It's 20 minutes to 3.

We'd better hurry up if
we're gonna trap them.

Right you are. Let's go.

A trap indeed, but
who's the mouse?

For in the lurid lair of that
criminal cat, the Joker...

My favorite kind of joke,
one which ends with a bang.

- Ha-ha-ha.
- Right. And what about, uh, Susie?

Has she, uh, filled the
milk machine again?

She's just getting ready.

Uh, Susie, sweetie...

a special extra bonus...

a half-pint bottle of the most
exquisite imported Canadian perfume.

Wow, Canadian perfume.

It's called Un Nuit Sans
Fin, one endless night.

Gee, that's like poetry.

No, Susie, no.

Do not open until after you've loaded
the milk machine, do you understand?

Oh, sure, Joker,
anything you say.

You're just the best
boss any crook ever had.

Oh, thank you.

- Ha, ha.
- Hey, Joker.
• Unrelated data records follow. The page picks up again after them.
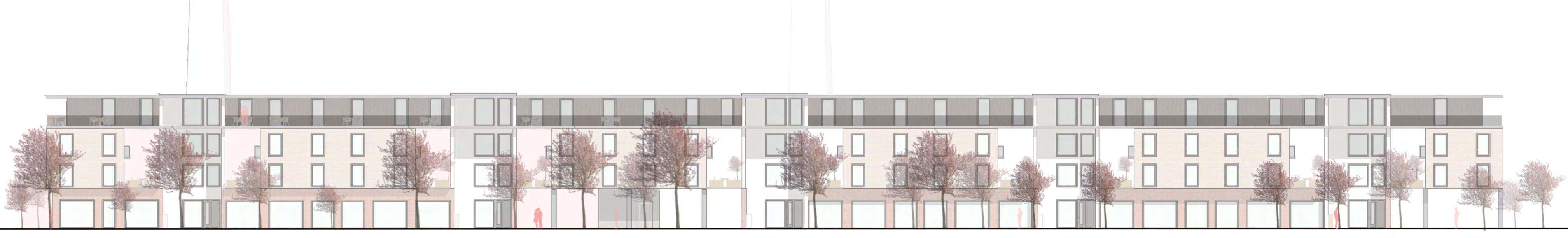 Thedesignintentionallyaddresseseffectivenoisecontrolalongthetracks,focusingon buildingswhichshieldtheinternalparkinordertocreateasereneenvironmentwithin.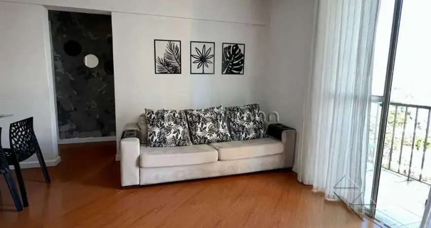 O living comporta 2 ambientes, com carpete de madeira e ótima circulação. São 3 dormitórios, sendo 1 suíte, além de banheiro com box. A cozinha é funcional, possui área de serviço integrada e armários planejados, garantindo praticidade no dia a dia.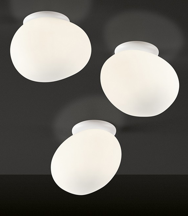 Wall or ceiling lamp with diffused light.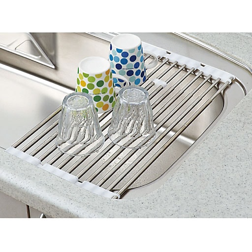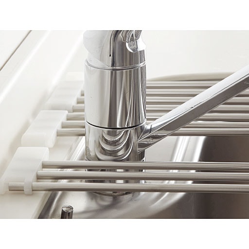 縦も横も伸びて、様々なサイズに変身! 蛇口を避けて設置することもできます。落下防止のシリコンゴムストッパー付き。使わない時は折りたためばコンパクトに収納できます。本体は、伸縮式でどんな奥行のシンクでも大抵のサイズは対応します。また、切り離しや連結が可能なので、お好みの大きさ(幅)でご使用いただけます。

It's 3:00.

Batman's zero hour.
Watch for the green light.

Back. Everybody,
back of the bar.

We gotta have room to throw our Batarangs
when the crooks come in for the loot.

Ready with the coin, Robin?

Ready.

Zero hour.

- Put it in the slot.
- Roger.

Batman's funeral dirge
begins. I'll give him five seconds.

Now.

The jokes on you, my cheery
booze hounds. It's a stickup.

Hands up, you cowards.

Surprise, Batman.

- Quick, Robin, down behind the Batshield.
- Surprise and good night.

Holy hail storm. You knew
this was gonna happen.

Or something like it.

You see, Robin, you betrayed
yourself in that candy store.

- How?
- Despite your boast...

it was painfully evident
you're not a smoker.

Nick must have seen that you
were working with the police.

- Gee, Batman. I'm sorry.
- Don't be silly.

It's to your credit that
that charade failed.

The thing now is to save Susie.

- Save Susie?
- Work it out.

Why would an undercover
agent try to pump her?

- Because I knew she was one of the gang.
- Right.

And once they
know that we know...

that young lady's life
isn't worth a plug lollipop.

Holy murder. We
gotta find her quick.

- Where? Back at the store?
- School.

- On Saturday?
- She'll be in the gym practicing cheers.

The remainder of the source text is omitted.